Se quedó allí de pie, tambaleándose, dejando que el dolor se asentara. Se apretó una mano contra el bajo vientre, sintiendo el leve calor que todavía irradiaba de allí. Ese cabrón sigue dentro de mí, hasta la última puta gota.

Su mirada se posó en Augusto, su esposo, que yacía frágil e inconsciente en la cama. Su pecho apenas se movía, y ella ladeó la cabeza, estudiándolo de cerca. Pero entonces, los recuerdos de la noche anterior la inundaron: Julian inmovilizándola aquí mismo, su pene abriéndola en dos mientras Augusto yacía ajeno a todo.

Esperó a que la culpa la golpeara, la vergüenza de traicionar a su esposo con su nieto, pero no llegó. En su lugar, una lenta y oscura emoción se enroscó en sus entrañas, sus labios temblaron mientras lo revivía: cómo había gemido, suplicado, corrido tan fuerte que casi se había desmayado. Joder, me encantó. Cada segundo.

Sus dedos se deslizaron más abajo, rozando la masa pegajosa y reseca de sus muslos, y se detuvo, haciéndola rodar entre las yemas de sus dedos. Me reclamó, me llenó como si fuera suya.

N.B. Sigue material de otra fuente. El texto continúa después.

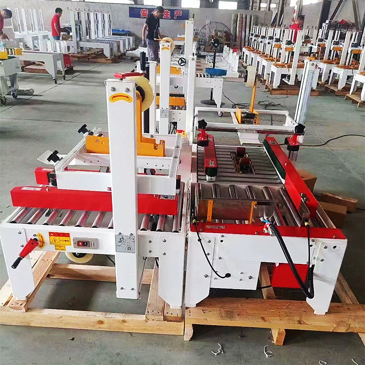 ? ? ? 什么是膠帶封箱機?膠帶封箱機就是用透明或印字膠帶給紙箱或泡沫箱等封口包裝的機器,可以單獨使用,也可和其它機器搭配成自動化輸送線使用。
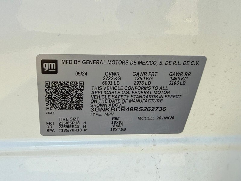 - VIN : 3GNKBCR49RS262736
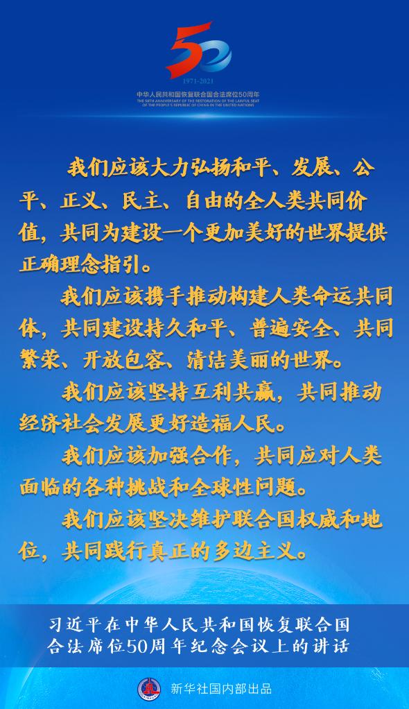 10月25日,習(xí)近平主席在北京出席中華人民共和國恢復(fù)聯(lián)合國合法席位50周年紀(jì)念會(huì)議并發(fā)表重要講話。約20分鐘的講話,“共同”一詞出現(xiàn)了24次。
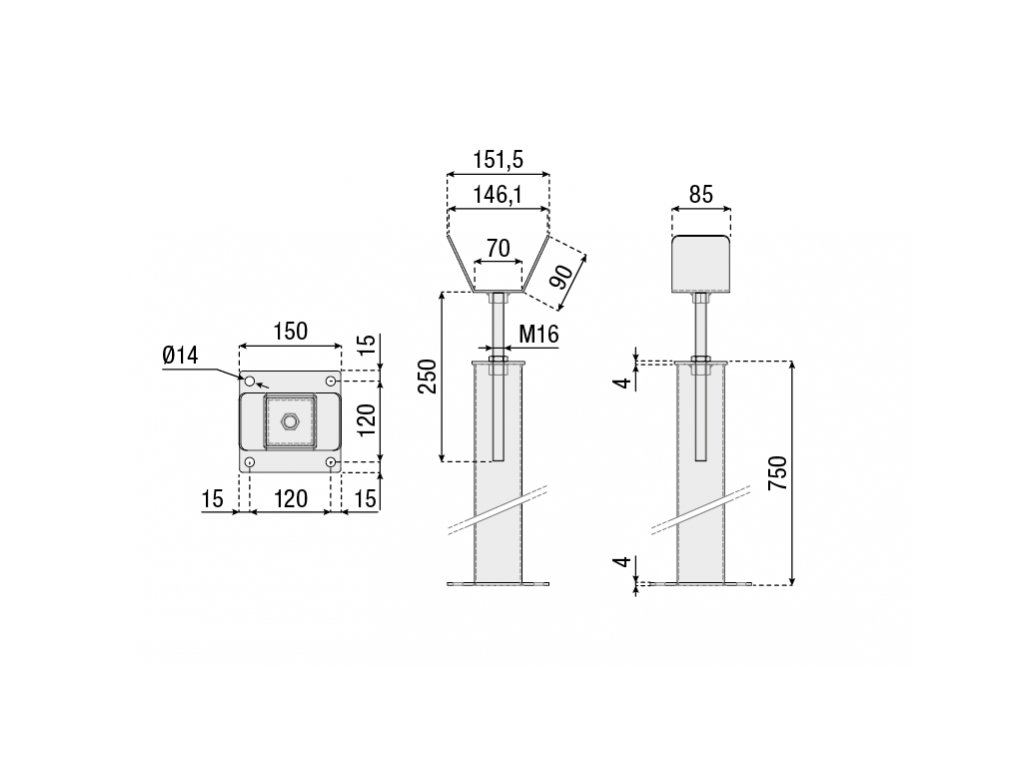 Výškově nastavitelná podpěra ramene v zavřeném stavu, nerezová ocel. Lze použít pro ramena o průměru 70 mm i 90 mm.

Su coño se contrajo, un leve recordatorio del placer de la noche anterior la recorrió, y dejó escapar un suspiro entrecortado.

Esa curiosidad volvió a encenderse: ¿y si Augusto se hubiera despertado? ¿Y si la hubiera pillado en pleno grito, con las piernas abiertas, recibiendo el pene de Julian como si hubiera nacido para ello? Se imaginó sus débiles ojos entreabrirse, mirándola a ella —destrozada, goteando, poseída— y su pulso se aceleró. Me vería así: su esposa, la puta de su nieto. Y yo habría seguido.

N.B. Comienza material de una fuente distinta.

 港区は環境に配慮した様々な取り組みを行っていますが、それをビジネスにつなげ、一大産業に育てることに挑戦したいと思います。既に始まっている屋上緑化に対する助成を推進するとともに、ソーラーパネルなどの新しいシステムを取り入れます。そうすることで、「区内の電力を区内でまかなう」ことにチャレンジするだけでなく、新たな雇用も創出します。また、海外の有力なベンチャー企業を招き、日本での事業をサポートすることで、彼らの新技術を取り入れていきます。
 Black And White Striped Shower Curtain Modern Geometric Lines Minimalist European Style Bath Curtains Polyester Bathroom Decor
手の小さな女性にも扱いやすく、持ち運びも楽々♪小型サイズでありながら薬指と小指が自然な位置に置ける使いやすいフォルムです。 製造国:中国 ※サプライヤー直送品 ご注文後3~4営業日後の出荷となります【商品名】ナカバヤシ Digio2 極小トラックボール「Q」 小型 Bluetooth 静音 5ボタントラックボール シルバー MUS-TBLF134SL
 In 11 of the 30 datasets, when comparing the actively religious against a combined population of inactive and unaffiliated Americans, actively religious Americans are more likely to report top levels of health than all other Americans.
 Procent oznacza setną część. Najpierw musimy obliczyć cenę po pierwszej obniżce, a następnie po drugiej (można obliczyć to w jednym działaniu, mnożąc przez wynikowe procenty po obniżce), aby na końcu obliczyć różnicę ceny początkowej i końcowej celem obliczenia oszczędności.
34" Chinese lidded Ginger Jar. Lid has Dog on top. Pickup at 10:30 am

Caminó hacia el baño, cada paso un delicioso recordatorio de la obra de Julian. Vio su reflejo en el pequeño espejo y se detuvo para observarse: el pelo hecho una maraña salvaje, las mejillas sonrojadas de un rosa intenso, los labios hinchados y enrojecidos por sus besos. Sus ojos brillaban, afilados y vivos, y se pasó una mano por el cuello, trazando las tenues marcas que él le había dejado.

Tengo este aspecto. La idea la golpeó con fuerza y sonrió, sin avergonzarse. —Eres un demonio, Julian —masculló, con la voz baja, cálida con algo parecido al asombro. Mi hijo es un niño, y él me ha convertido en esto: suya.

Su mirada volvió a posarse en Augusto y se encogió de hombros, con aire casual, indiferente. Él ya no es nada en todo esto.

Se apoyó en el lavabo, salpicándose agua fría en la cara, pero no aplacó el calor que hervía a fuego lento bajo su piel. Se aferraba a ella: el olor de Julian, su tacto, la forma en que había prometido más.

La próxima vez…

Su mente se aferró a ello, dando vueltas a la provocación de que él despertara a Augusto, dejando que su esposo la viera desmoronarse bajo su nieto. Volvió a reír, una risa suave y perversa, mientras el agua goteaba de su barbilla al enderezarse.

—Soy tuya, Julian —le dijo a su reflejo, con voz firme, casi como un voto. Sus manos se aferraron al lavabo, su sonrisa se ensanchó mientras sentía que la verdad se asentaba en lo más profundo de su ser. La madre de su padre, la esposa de su abuelo… y yo, ahora soy toda suya.

Su mirada se posó en Augusto una última vez y se dio la vuelta, anhelando ya la próxima dosis del caos de Julian.